Signed-off-by: Jonathan Derrick <[email protected]>
---
drivers/md/md-bitmap.c | 1 +
drivers/md/raid1.c | 2 --
drivers/md/raid10.c | 4 ----
3 files changed, 1 insertion(+), 6 deletions(-)

diff --git a/drivers/md/md-bitmap.c b/drivers/md/md-bitmap.c
index bf6dffadbe6f..451259b38d25 100644
--- a/drivers/md/md-bitmap.c
+++ b/drivers/md/md-bitmap.c
@@ -1244,6 +1244,7 @@ void md_bitmap_daemon_work(struct mddev *mddev)
+ mddev->bitmap_info.daemon_sleep))
goto done;

+ md_bitmap_unplug(bitmap);
bitmap->daemon_lastrun = jiffies;
if (bitmap->allclean) {
mddev->thread->timeout = MAX_SCHEDULE_TIMEOUT;
diff --git a/drivers/md/raid1.c b/drivers/md/raid1.c
index 05d8438cfec8..42ba2d884773 100644
--- a/drivers/md/raid1.c
+++ b/drivers/md/raid1.c
@@ -793,8 +793,6 @@ static int read_balance(struct r1conf *conf, struct r1bio *r1_bio, int *max_sect

static void flush_bio_list(struct r1conf *conf, struct bio *bio)
{
- /* flush any pending bitmap writes to disk before proceeding w/ I/O */
- md_bitmap_unplug(conf->mddev->bitmap);
wake_up(&conf->wait_barrier);

while (bio) { /* submit pending writes */
diff --git a/drivers/md/raid10.c b/drivers/md/raid10.c
index 9117fcdee1be..e43352aae3c4 100644
--- a/drivers/md/raid10.c
+++ b/drivers/md/raid10.c
@@ -881,9 +881,6 @@ static void flush_pending_writes(struct r10conf *conf)
__set_current_state(TASK_RUNNING);

blk_start_plug(&plug);
- /* flush any pending bitmap writes to disk
- * before proceeding w/ I/O */
- md_bitmap_unplug(conf->mddev->bitmap);
wake_up(&conf->wait_barrier);

while (bio) { /* submit pending writes */
@@ -1078,7 +1075,6 @@ static void raid10_unplug(struct blk_plug_cb *cb, bool from_schedule)

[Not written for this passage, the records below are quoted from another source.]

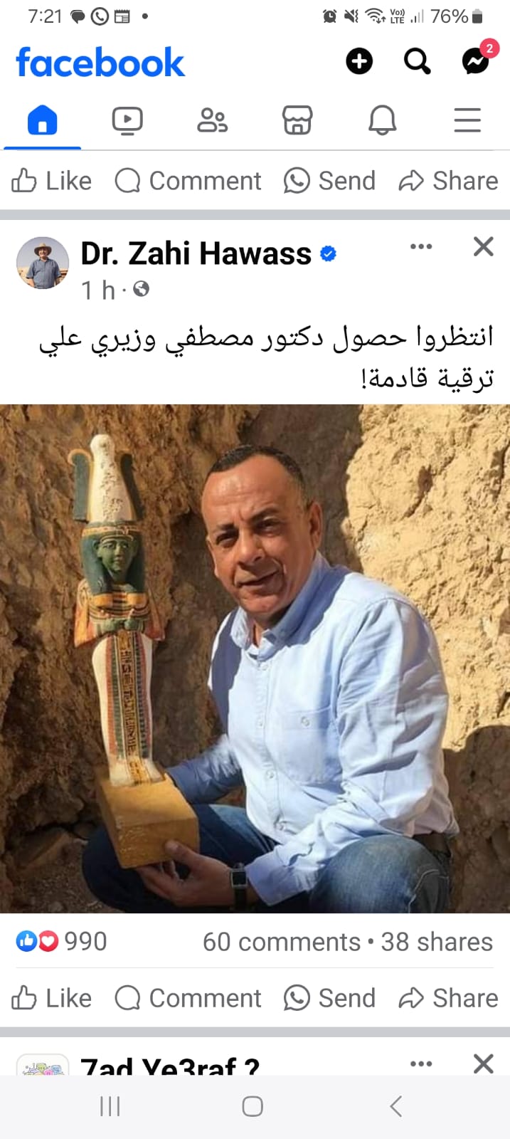 اثار بوست علي الصفحة  الرسمية لعالم الآثار دكتور زاهي حواس  وزير الآثار الأسبق  يقول عنوانه  انتظروا ترقية الدكتور مصطفى وزيري رئيس المجلس الأعلى للاثار لمنصب جديد.
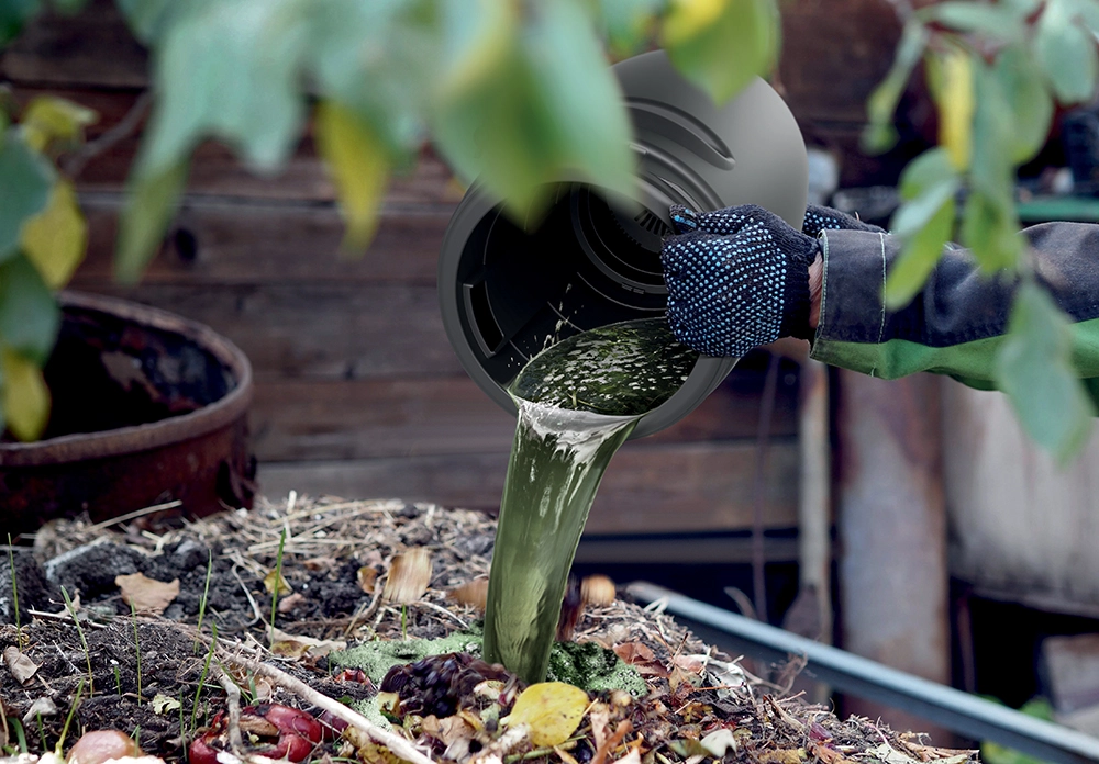 COMBIOLIQ to kompaktowe rozwiązanie do wytwarzania płynnego nawozu z powszechnych roślin ogrodowych i łąkowych. Wystarczy napełnić wewnętrzne sitko porwaną zieleniną, zalać wodą deszczową i pozostawić na 2–4 tygodnie do fermentacji. Regularne mieszanie i odpowiednia temperatura przyspieszają proces, a powstaje ekstrakt pełen składników odżywczych, który wspiera wzrost, kwitnienie i witalność roślin oraz poprawia strukturę gleby.
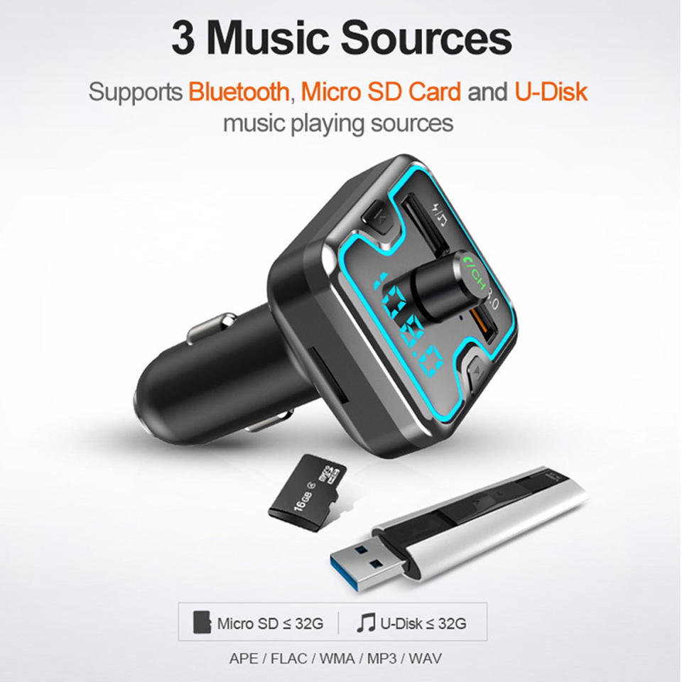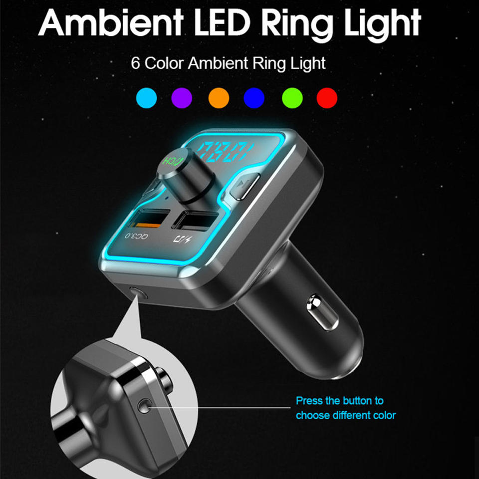 Chiamata a mani libere FM trasmettitore MP3 lettore musicale doppio USB ricarica LED retroilluminato caricatore per auto Bluetooth 5.3 ricevitore Audio
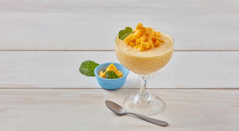 El mango sago es un tipo de postre contemporáneo de Hong Kong, fue inventado en 1984 por Lei Garden, ha mantenido su popularidad hasta ahora, este postre se puede encontrar en el menú de muchos restaurantes chinos así como en Singapur, Guangdong y Taiwán.
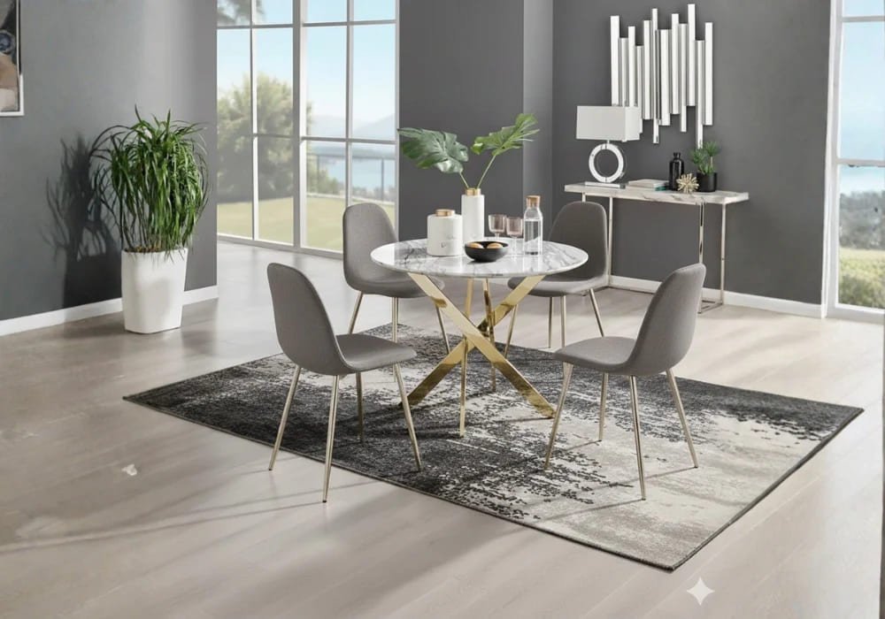 This round, modern dining set consists of a table with a high-quality glass top and an elegant gold-tone metal cross base, for a luxurious and refined style. It includes four comfortable, upholstered chairs designed for durability and everyday use. Ideal for modern homes and apartments, as well as elegant.
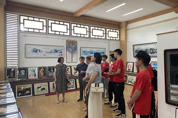 期间,顾明言一行先后参观了丝画馆的展厅、创作室、车间,聆听了中国工艺美术大师袁洪滨讲述一幅幅丝画背后的故事,并观看丝绵画的制作过程。(撰稿:陈恳 审核:郭宏 张苒 杜飞)
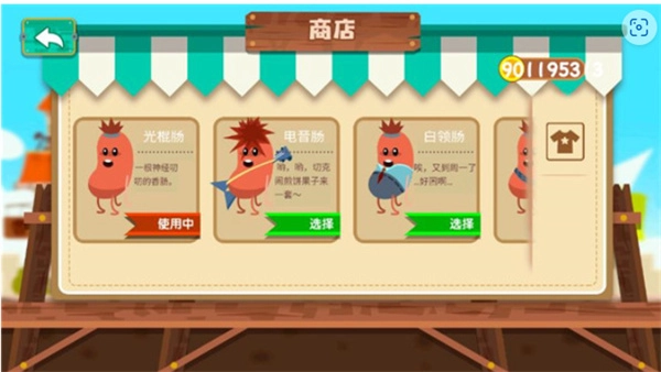 1、刚进入时先别忙着开始,点击左下角的小衣架图标,先给香肠换上一身新装扮,花哨的程度能和动漫角色相媲美。
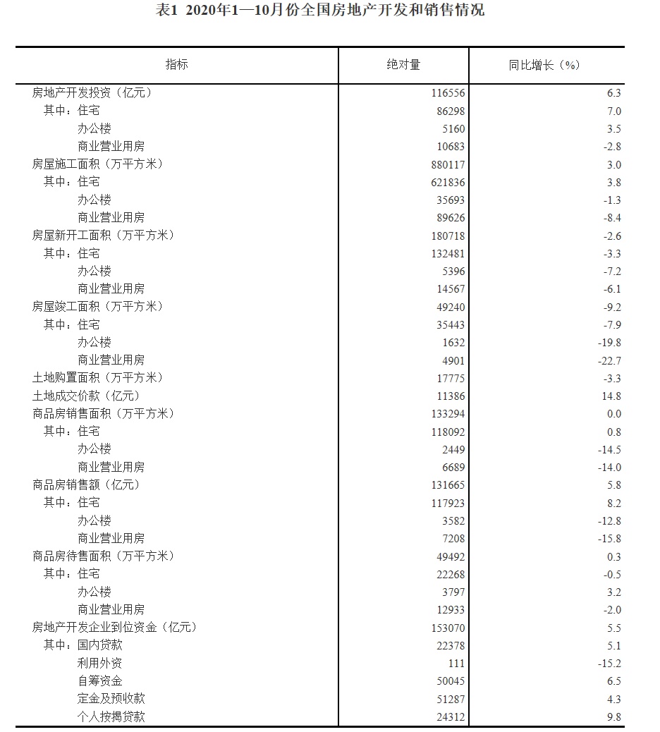 智通财经APP获悉,11月16日,国家统计局公布2020年1-10月份全国房地产开发投资和销售数据。
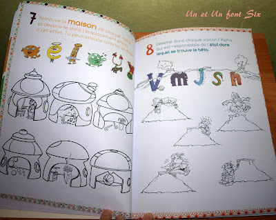 Au fil des pages du cahier l'enfant évolue , sur les premiers pages des deviennettes sur les lettres avec leur signification. Puis au fur et à mesure des jeux de lettres, de graphismes, de reproduction avec de super gommettes bien rangé au fond du cahier pour réaliser les épreuves .
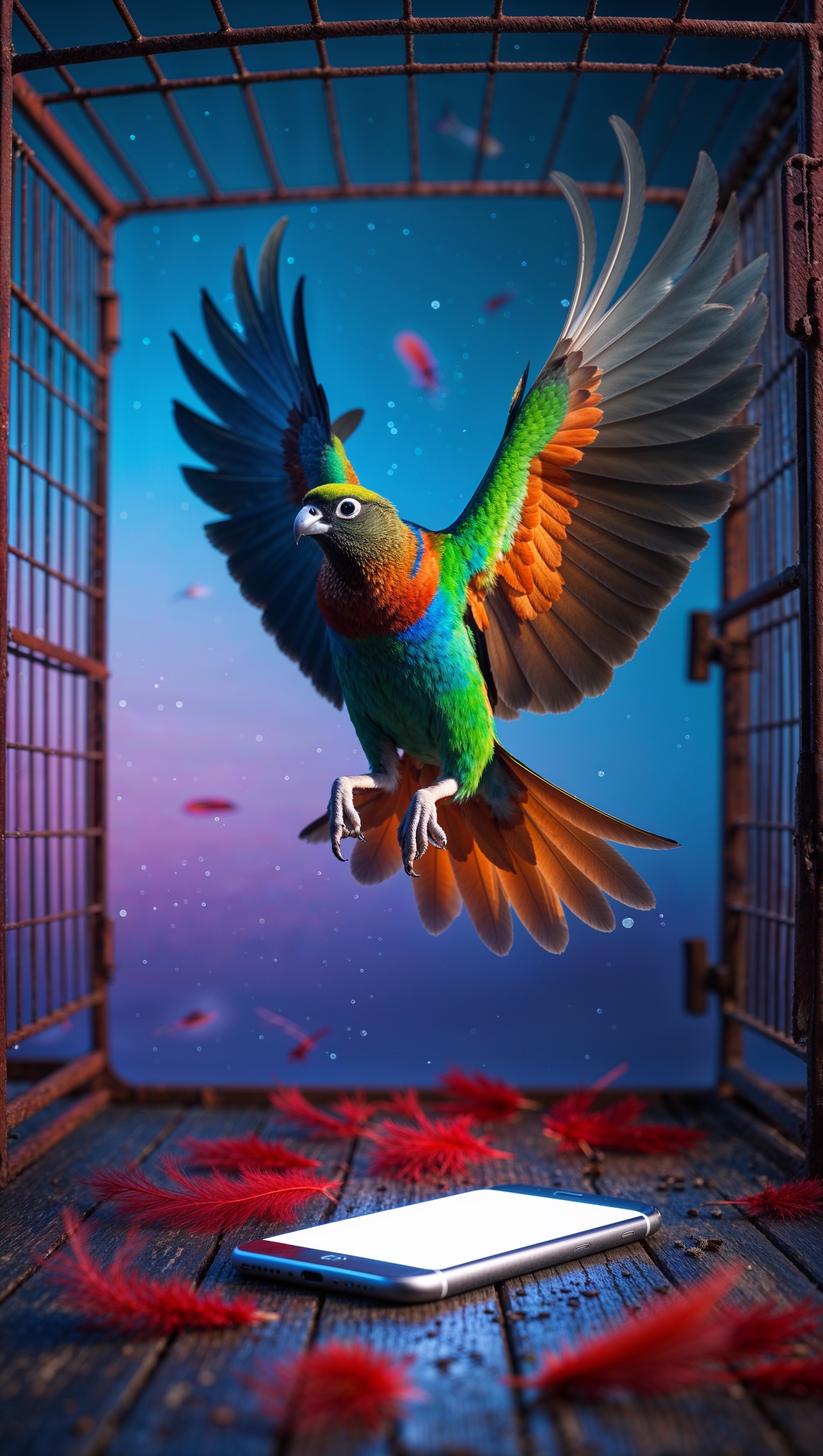 1664x2944 An image of a bird opening its cage, leaving an iPhone inside
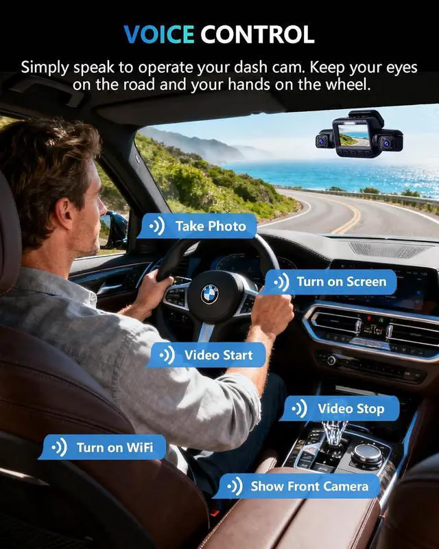 Voice Control Dash Cam Dash camera voice control function lets you control the dashboard camera with spoken commands (English) so you can keep your hands on the wheel and focus on driving. Car camera everything is easier and more convenient as you can simply speak take photo, start video, turn on/off audio, turn on /off wifi, turn
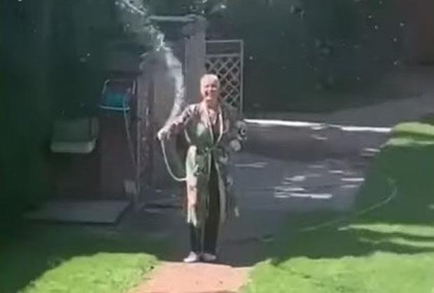 Lepa Brena je ponovo "uhvaćena" u situaciji u kojoj nismo navikli da je vidimo i to, opet, zahvaljujući sinu Viktoru. On je sa terase vile na Bežanijskoj kosi snimio pevačicu u kućnom ogrtaču kako zaliva travnjak u dvorištu.

/* we aren't scheduling, so we can do the write-out directly. */
bio = bio_list_get(&plug->pending);
- md_bitmap_unplug(mddev->bitmap);
wake_up(&conf->wait_barrier);

while (bio) { /* submit pending writes */
--
2.31.1


2022-10-10 04:56:36

by Yujie Liu

[permalink] [raw]
Subject: [md/bitmap] 935dbb156b: mdadm-selftests.05r1-bitmapfile.fail

Greeting,

FYI, we noticed the following commit (built with gcc-11):

commit: 935dbb156b7a46615c0c4819ded5f5ef14bf9b99 ("[PATCH 1/2] md/bitmap: Move unplug to daemon thread")
url: https://github.com/intel-lab-lkp/linux/commits/Jonathan-Derrick/Bitmap-percentage-flushing/20221007-061054
base: git://git.kernel.org/cgit/linux/kernel/git/song/md.git md-next
patch link: https://lore.kernel.org/linux-raid/[email protected]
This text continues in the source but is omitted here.